We have a h/w setup with multiple H100s ( from lspci -d 10de:
). I have setup one GPU to passthrough to my Qemu/KVM VM. After installing drivers on the guest, I can see that it is attached:
From nvidia-smi
in the guest, I can see the single GPU I attached.

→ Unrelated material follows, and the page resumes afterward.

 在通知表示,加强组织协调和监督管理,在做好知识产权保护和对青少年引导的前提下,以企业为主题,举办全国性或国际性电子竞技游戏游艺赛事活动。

name, pci.bus_id, vbios_version, driver_version
NVIDIA H100 80GB HBM3, 00000000:01:00.0, 96.00.61.00.01, 550.54.15
CUDA Version is 12.4
, Driver Version: 550.54.15
MIG is disabled, Persistence-M is Off
.
Guest is on Ubuntu 22.04.
But I still get errors trying to run some cuda samples directly or via pytorch.
>>> import os,torch
>>> torch.cuda.is_available()
.../python3.10/site-packages/torch/cuda/__init__.py:118: UserWarning: CUDA initialization: Unexpected error from cudaGetDeviceCount(). Did you run some cuda functions before calling NumCudaDevices() that might have already set an error? Error 802: system not yet initialized (Triggered internally at ../c10/cuda/CUDAFunctions.cpp:108.)

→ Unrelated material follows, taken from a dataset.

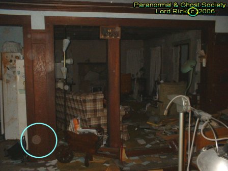 Above what you will see to the left photo is the den. This is the most haunted room in the entire house. Let me explain to you a few things. The images to the right are enlargements taken from the orb video. I put the photo above to give you a perspective of where we were standing when we caught the EVP and when we captured the orb moving. Let me explain to you in detail what occurred here. First we heard a moan near the stairwell about 10 seconds later an anomaly shot out from left to right behind the couch you see in the photo. It shot across then downwards then back up and away from us in a two second time span. Its as if the entity that moaned was on the move when he realized we were downstairs he shot away from us. Now in the photo you cannot see the stairwell so let me give you an idea where it is. If you look at the couch between the two wood columns it just lays a few feet past it and to the left. We know this footage and EVP is genuine to to the time span this activity happened was all within a few seconds. We did film the entire investigations of the house on night vision camera and out of the hour of filming the activity was highest upon just entering the home. It would appear to me whatever was here made a attempt to scare us off. The links are below click them if you dare!

return torch._C._cuda_getDeviceCount() > 0
False
Setting the following env variables help return is_avaialble() as True, but fails in the next one:
>>> os.environ["CUDA_DEVICE_ORDER"]="PCI_BUS_ID"
>>> os.environ["CUDA_VISIBLE_DEVICES"]="0"
>>> os.environ["PYTORCH_NVML_BASED_CUDA_CHECK"]="1"
>>> torch.cuda.is_available()
True
>>> torch.cuda.get_device_name(0)
...
File ".../site-packages/torch/cuda/__init__.py", line 293, in _lazy_init
torch._C._cuda_init()
RuntimeError: Unexpected error from cudaGetDeviceCount(). Did you run some cuda functions before calling NumCudaDevices() that might have already set an error? Error 802: system not yet initialized
Thank You